**Raw data**:
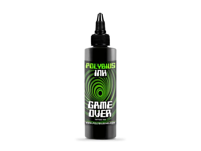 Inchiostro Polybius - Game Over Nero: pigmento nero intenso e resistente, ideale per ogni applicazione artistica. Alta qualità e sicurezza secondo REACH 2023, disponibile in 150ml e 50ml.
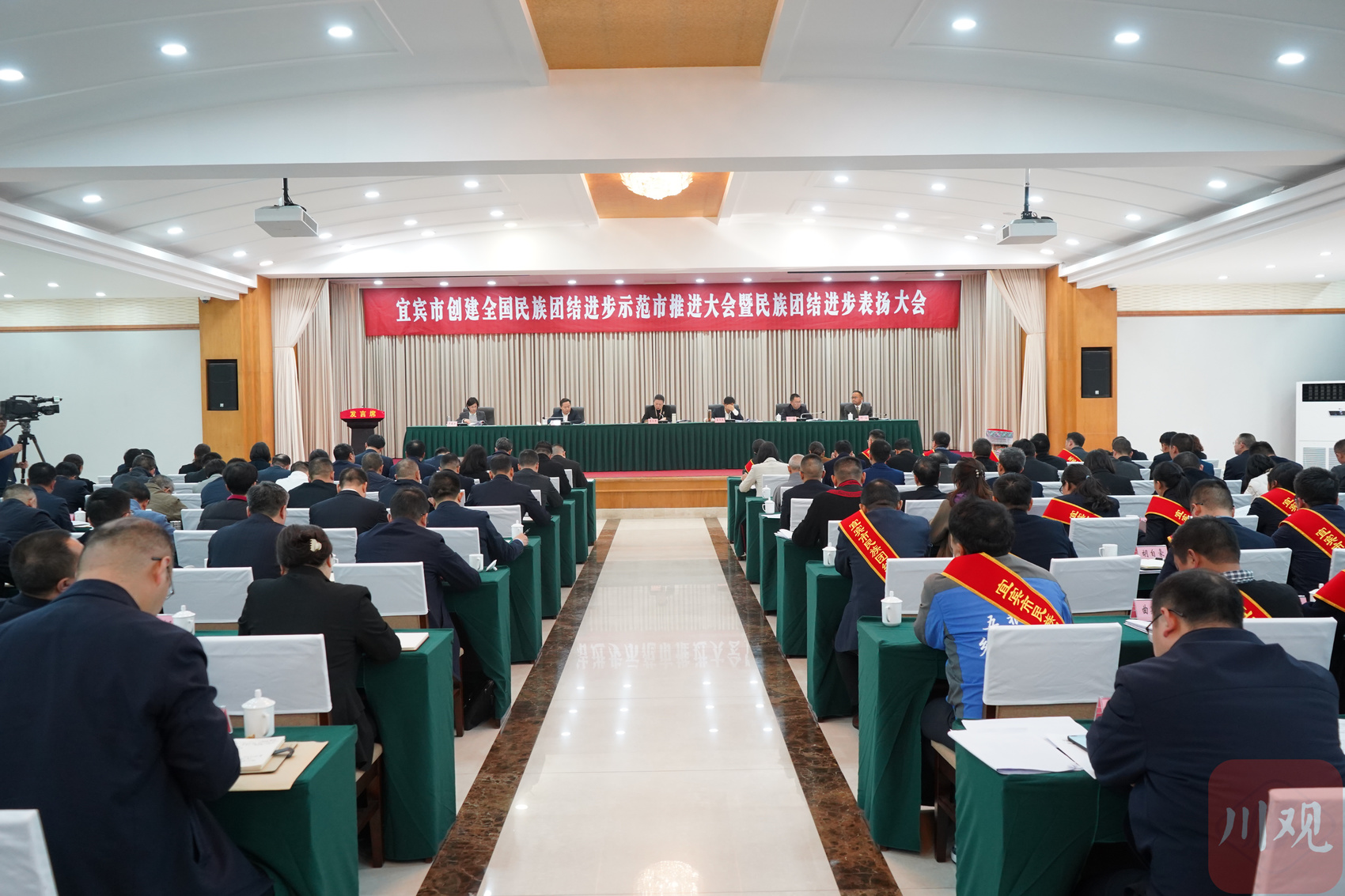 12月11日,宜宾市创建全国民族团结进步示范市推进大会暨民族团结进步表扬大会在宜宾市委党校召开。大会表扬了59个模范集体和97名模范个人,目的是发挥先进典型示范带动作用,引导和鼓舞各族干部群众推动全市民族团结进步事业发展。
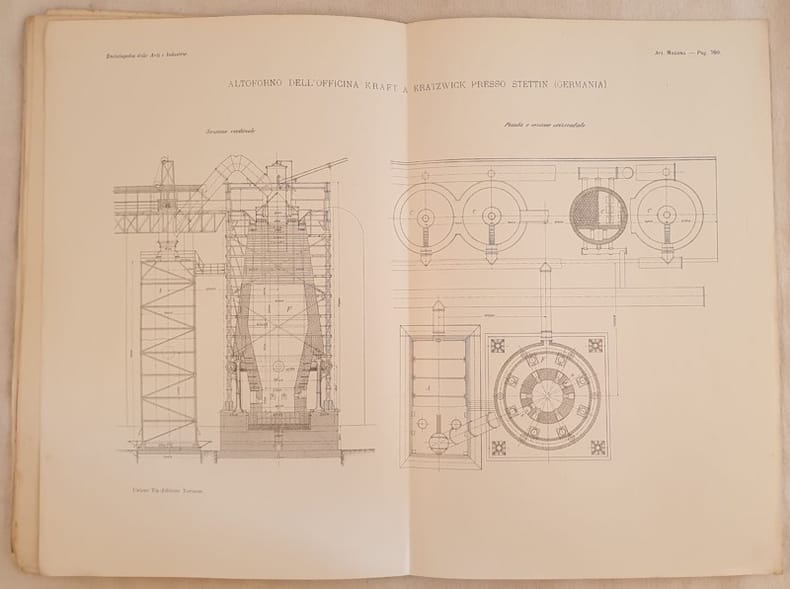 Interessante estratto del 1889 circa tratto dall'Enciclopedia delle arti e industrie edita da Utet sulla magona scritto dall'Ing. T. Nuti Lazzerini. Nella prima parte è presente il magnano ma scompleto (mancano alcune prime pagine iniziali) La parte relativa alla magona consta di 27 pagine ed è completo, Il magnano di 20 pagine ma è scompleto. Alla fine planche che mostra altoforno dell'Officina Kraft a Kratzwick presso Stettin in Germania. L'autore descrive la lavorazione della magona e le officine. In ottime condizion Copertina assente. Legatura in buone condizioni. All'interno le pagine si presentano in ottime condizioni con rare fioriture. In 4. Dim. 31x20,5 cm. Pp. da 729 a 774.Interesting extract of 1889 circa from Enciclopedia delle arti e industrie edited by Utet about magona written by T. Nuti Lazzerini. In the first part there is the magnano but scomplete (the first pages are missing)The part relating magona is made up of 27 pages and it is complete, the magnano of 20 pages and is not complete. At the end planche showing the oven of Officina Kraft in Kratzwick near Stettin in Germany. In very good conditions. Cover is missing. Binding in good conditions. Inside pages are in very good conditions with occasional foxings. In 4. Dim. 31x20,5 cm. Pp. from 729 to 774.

**What you will do**: The lines running from the one with "12月11日,宜宾市创建全国" to the close of the material above are to be retyped exactly; no picture is to be included.

**Solution to this task**:
 12月11日,宜宾市创建全国民族团结进步示范市推进大会暨民族团结进步表扬大会在宜宾市委党校召开。大会表扬了59个模范集体和97名模范个人,目的是发挥先进典型示范带动作用,引导和鼓舞各族干部群众推动全市民族团结进步事业发展。
 Interessante estratto del 1889 circa tratto dall'Enciclopedia delle arti e industrie edita da Utet sulla magona scritto dall'Ing. T. Nuti Lazzerini. Nella prima parte è presente il magnano ma scompleto (mancano alcune prime pagine iniziali) La parte relativa alla magona consta di 27 pagine ed è completo, Il magnano di 20 pagine ma è scompleto. Alla fine planche che mostra altoforno dell'Officina Kraft a Kratzwick presso Stettin in Germania. L'autore descrive la lavorazione della magona e le officine. In ottime condizion Copertina assente. Legatura in buone condizioni. All'interno le pagine si presentano in ottime condizioni con rare fioriture. In 4. Dim. 31x20,5 cm. Pp. da 729 a 774.Interesting extract of 1889 circa from Enciclopedia delle arti e industrie edited by Utet about magona written by T. Nuti Lazzerini. In the first part there is the magnano but scomplete (the first pages are missing)The part relating magona is made up of 27 pages and it is complete, the magnano of 20 pages and is not complete. At the end planche showing the oven of Officina Kraft in Kratzwick near Stettin in Germany. In very good conditions. Cover is missing. Binding in good conditions. Inside pages are in very good conditions with occasional foxings. In 4. Dim. 31x20,5 cm. Pp. from 729 to 774.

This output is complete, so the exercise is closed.